From the dealings of the Pharisees with the blind man, Jesus taught the people the great difference between false shepherds and the Good Shepherd. He began by saying:
“Verily, Verily (of a truth, of a truth), I say unto you, He that entereth not by the door into the sheepfold, but climbeth up some other way, the same is a thief and a robber. But he that entereth in by the door is the shepherd of the sheep.”
It may seem like a strange parable, but what precious truths it reveals!
In our country, sheep graze very peacefully in pastures that are fenced or hedged in. However, in the land of Canaan, shepherds led their sheep through open fields and brought them to a sheepfold at night. A sheepfold was a large area with walls around it. There was an opening in the wall for the sheep to enter in and be safe through the dark night.
Could the sheep really be safe at night if there was no door?
Perhaps one might wander out through the opening, or a wild beast might creep in to kill and devour a sheep. Jesus answered:
“I am the Door of the sheep.”
When the sheep were all safe in the sheepfold, the shepherd would sit down in the opening. In this way he became the door. If a wild beast, like a wolf or a lion, tried to enter the sheepfold, the shepherd would rise up and defend his flock, even if it cost him his life.
An hireling (someone hired to watch the sheep in place of the shepherd) would flee at a time of danger because he did not really love the sheep.
Jesus declared to the people:
“I am the Good Shepherd: the Good Shepherd giveth His life for the sheep,”
“…I lay down My life for the sheep.”
Again Jesus said to them:
“I am the Good Shepherd, and know My sheep, and am known of Mine.”
In eastern sheepfolds there were often many flocks mingling together at night.
How would a shepherd separate his sheep and be sure he had all his own flock?
In the morning he would go a little distance from the sheepfold and begin to call his sheep. The Bible calls this hissingfor them. What a scene it must have been to see one sheep after another perk up its ears, make its way out of the sheepfold, and go after their shepherd. The other sheep paid no attention at all to the shepherd’s call. The Lord tells us the secret. The sheep know the voice of their shepherd and they follow him, but the voice of a stranger they will not follow.
The Bible often compares the Lord’s people to sheep.
Perhaps you have memorised the well-known Psalm beginning with: “The Lord is my Shepherd, I shall not want.”

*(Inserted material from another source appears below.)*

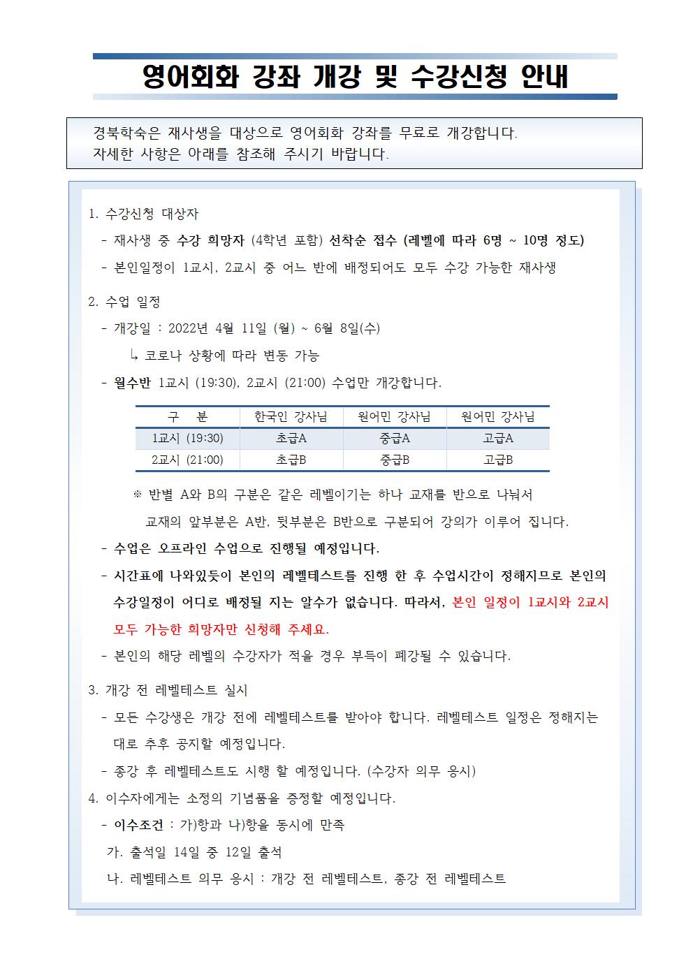 영어회화 강좌 수강신청 안내 (마감완료)

What a beautiful picture of the Lord’s people in the world!
They are taught to hear His voice and follow Him.
“My sheep hear My voice, and I know them, and they follow Me: and I give unto them eternal life; and they shall never perish, neither shall any man pluck them out of My hand.”
They can say: “it is the voice of my Beloved.”
What the Lord told the Jews in His day is also true of many today.
“But ye believe not, because ye are not of My sheep.”